The moods his works conjure are as multifarious as his source materials. They are often effervescently colored and topped with bulbous, phallic heads. They can be cartoon-like and uproariously funny, but they are also just as frequently disturbing and enigmatic. Mr. Cave refers to them as “armor, a second skin,” and they seem designed to shield and protect a wearer’s identity at least as much as they are meant to entertain.
Despite the joyous, extroverted appearance that many of them have, they share a sobering origin story. Mr. Cave, who is black, has said that he produced the first example while thinking about the Rodney King beating. He collected twigs from a Chicago park, drilled holes in them and threaded them together to create a sculpture of a man. And then he climbed inside.
Until about five years ago, Mr. Cave, 52, was a relatively little known artist. He had taught in the fashion department of the School of the Art Institute of Chicago since 1992 and had a number of shows at mostly regional and university museums, but he didn’t show regularly at commercial galleries. “I was like a Gypsy,” he said. “I would do exhibitions and then pack up my stuff and go.”
“It was important for me to find someone who understands my vision and understands how I work and what I do,” he added. “I’m not that desperate to be part of a gallery.”
In the mid-2000s, Mr.
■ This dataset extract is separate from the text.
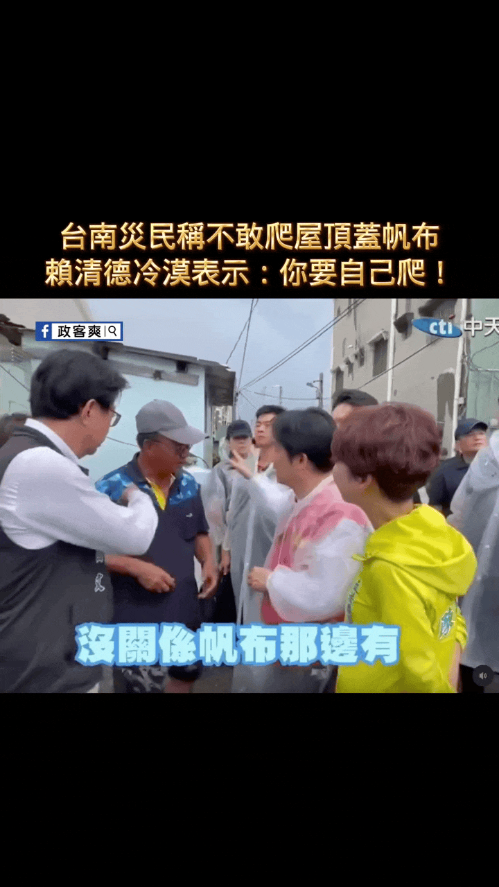 作者 CREA (人間不信)標題 [新聞] 黃國昌指賴清德要災民爬屋頂 民進黨:不實言論撕裂台灣時間 Thu Oct 9 22:59:21 2025
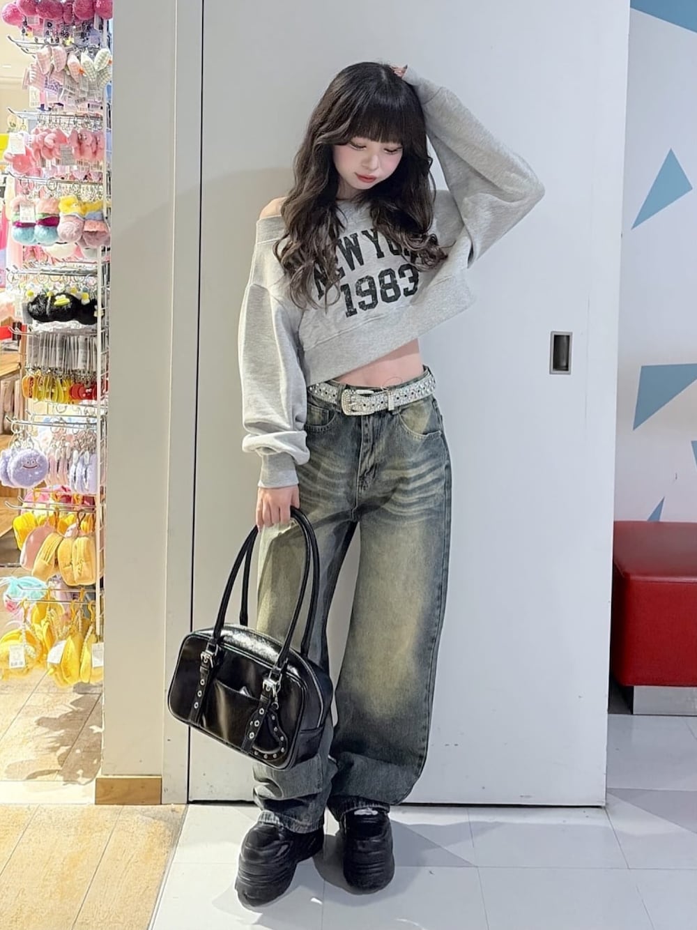 オフショルショートスウェット♡ さりげなく肌見せもできてスタイルアップも!✨ デニムやパンツスタイルにおすすめです🖤🎶

Cave’s friend Greg Cameron, who was the associate director of the Museum of Contemporary Art Chicago at the time, sent a package of the artist’s work to Jack Shainman, a New York art dealer who was already showing work by a handful of black artists at his gallery on West 20th Street.
“I was just blown away,” Mr. Shainman told The Observer of seeing Mr. Cave’s work for the first time. “It was so personal and so much his own. It felt really new.”
Mr. Cave happened to be visiting New York when he heard of Mr. Shainman’s interest. “I visited the gallery, but I didn’t tell them it was me,” he said. “I wanted to see if I had a good feeling about it.” He did. After returning to Chicago, he called Mr. Shainman.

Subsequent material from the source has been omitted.